While the proceedings have been covered well by local media, one less-explored aspect of filings recently made available further reveals the depths to which Ms. Weirich is willing to stoop to avoid accountability. She responded to the Board’s initial petition for discipline by filing a motion for summary judgment in the hopes of having the petition dismissed without a hearing. The basis for the motion? Ms. Weirich essentially claims that the Board’s allegations have no merit because the judges who have reviewed the underlying criminal case never reported her. That’s right. Because state judges evidently failed to comply with their own code of conduct, Weirich reasons that she should be let off the hook under her own.

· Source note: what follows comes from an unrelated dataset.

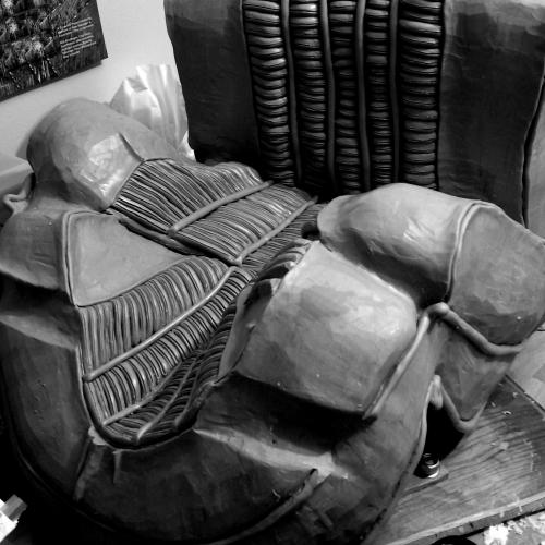 Def Mec: Think about what youβve done (Suppression) (2022): I value the techniques I developed while creating this piece. I also love the tension of it's roundness on the chair facing the corner.

If this position sounds more than opportunistic—if it smacks of self-serving cynicism at its worst—you may be on the right track. Researchers have long known that although judicial codes of conduct technically require judges to report instances of lawyer misconduct to the disciplinary board, “judges do not perceive their role in regulating attorney conduct as an ethical mandate, nor do they appear to consider it a necessary component of their judicial duties.” This is, of course, a problem. (One may reasonably wonder if judges are particularly reluctant to report prosecutorial misconduct because so many are themselves former prosecutors.) Ms. Weirich’s response perversely underscores the need to address that problem by attempting to instrumentalize the institutional failure to her benefit. Pulling from a prosecutorial playbook we are becoming more and more familiar with, she seeks to preclude meaningful review of her actions by claiming that another body has already provided that review. In short, prosecutors facing potential sanction exploit the reality that “overlapping policing mechanisms create confusion about the appropriate locus of disciplinary authority.”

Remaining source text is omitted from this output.